The unchained books are in Spanish, Latin, French, Greek, Dutch, and Hungarian-collected by King Francis'

father. He loved this room. He died there.

Sitting under the green pergola at Amboise, King Francis and I sipped aperitifs, the afternoon warm, a lazy hunting dog at his feet.

"I don't understand how your army crossed the Alps in six or seven days."

"Five days," he corrected me.

"By the Col d'Argentiere?

"Yes...do you know that Pass?"

"I have camped there. I have seen some of it when I was collecting fossils. But for an army to get through, it seems impossible. You had cannons, horses, mules..."

"We were determined to surprise the Milanese."

We watched dragonflies circle above lily pads in a small rock-rimmed fountain, their orange wings on fire in the afternoon light. Near the fountain men were planting young columnar cypress. Other gardeners were spading paths because the King was re-landscaping. Someone, pushing a barrow, with an enormous red wheel, asked the King if he could plant the roses in the circular beds already prepared.

"We had good weather," Francis said.

"Think of it...it took me almost a month to reach here."

"But you were in no hurry, Mon Pere."

"Snow...mud...ice..."

"I realize."

"Did you think of Hannibal?"

"I did."

"What Pass did he use to invade Italy?"

"Some say the Mount Genevre."

"He was a great tactical genius."

"Our army was well led...but there were times when I wished we had some of Hannibal's elephants...but fog was our worst problem...morning fog, thick as an elephant's hide...maybe that fog helped us...our scouts encountered shepherds in the fog...stopped them from informing others..."

Most men fail to come to grips with nature's intricacies. When they find a fossil they are satisfied with a cursory look. As for flowers, insects, animals, birds, they turn away from them if they serve no practical purpose. And because men do not care to probe, they resent or fear my studies. I have been made to feel this through the years.

They accuse me of wizardry...alchemy...vile practices.

My studio door is banged open.

"Help me, Maestro...oh, God, help me!"

And I try... I draw out pus... I patch a hole in a rogue's leg... I sew up flesh...but the same man, when he is well, whispers lies about me :

"He steals bodies from the morgue! He steals dead men's legs...he slices men's skulls in half!"

The body's secrets, the mind's secrets...we must unlock them!

In his Amboise armory, facing the Loire, Francis showed me his trophies and gear: his new armor from Cadiz, engraved with floral patterns; his father's armor inlaid with gold and silver (from Milan); a plumed helmet with the regal salamander in brass and copper inlay; a circular shield inscribed AFTER DEFEAT VICTORY.
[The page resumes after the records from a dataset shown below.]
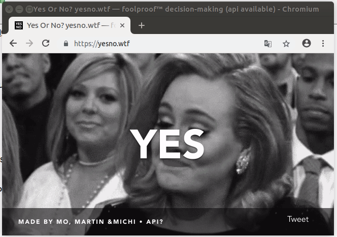 https://yesno.wtf 这是一个神奇的网站,当你对某件事拿不定注意,需要别人推你一把时,可以访问它,它会随机返回一个 gif 动画,点头表示 yes,摇头表示 no,帮你做这个艰难的决定。直接访问 https://yesno.wtf ,注意在地址栏中不带 api 字样,可以得到这样的结果:
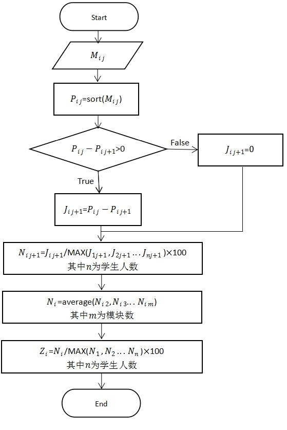 步骤一 对学生模块成绩Mi j按降序排序,得到学生排名Pi j
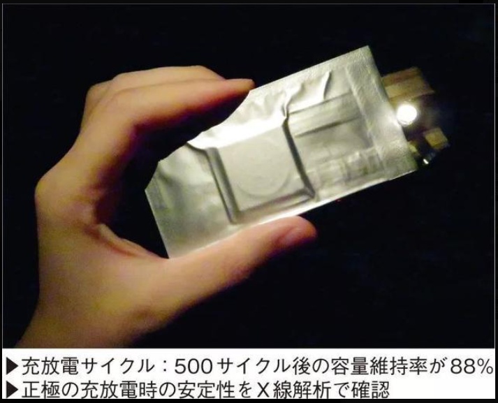 2018年,日本電氣硝子聯合產業技術綜合研究所、長岡技術科技大學等共同開發鈉離子二次電池。從硬幣型的電池發展成手掌大小的層壓電池。循環壽命500次,容量保持率為88%,達到消費產品級的使用水平,日本電氣硝子表示:“2025年大規模生產電動汽車使用的電池計劃進展順利。”
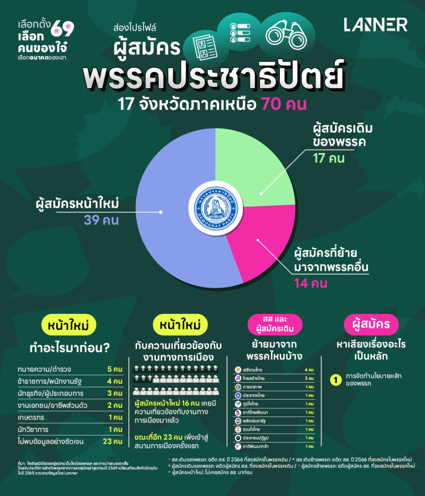 อ่าน [ชุดข้อมูล] เปิดข้อมูลผู้สมัคร สส. 17 จังหวัดภาคเหนือ จาก 70 เขต–33 พรรค–558 คน https://www.lannernews.com/11012569-01/

We spent a morning among spears, pikes, swords, scabbards, helmets, bows and arrows, arquebuses...standards...saddlery. The King admired a Toledo sword and a pair of antique Hungarian spurs. I was taken by an engraved dagger from Greece-Homeric lines along its shaft.

Leaning on a pike staff, Francis spoke excitedly about his conquest of Milan:

"...How we fought! Was it for twenty-eight hours or longer? I thought our cavalry would mow down the Swiss...the Swiss kept rushing toward us...it was our artillery that destroyed them...I fought on my great Conde, the chestnut you admired...he was wounded, badly wounded...I had to leave him...I had my visor smashed...my shoulder was sliced open...it was like your Anghiari... horses...men...smoke and dust...at times I couldn't see...everybody yelling...drums beating...the Venetian troops saved us...

"By God, it was terrible...sometimes I felt alone...sometimes I thought my own men would kill me."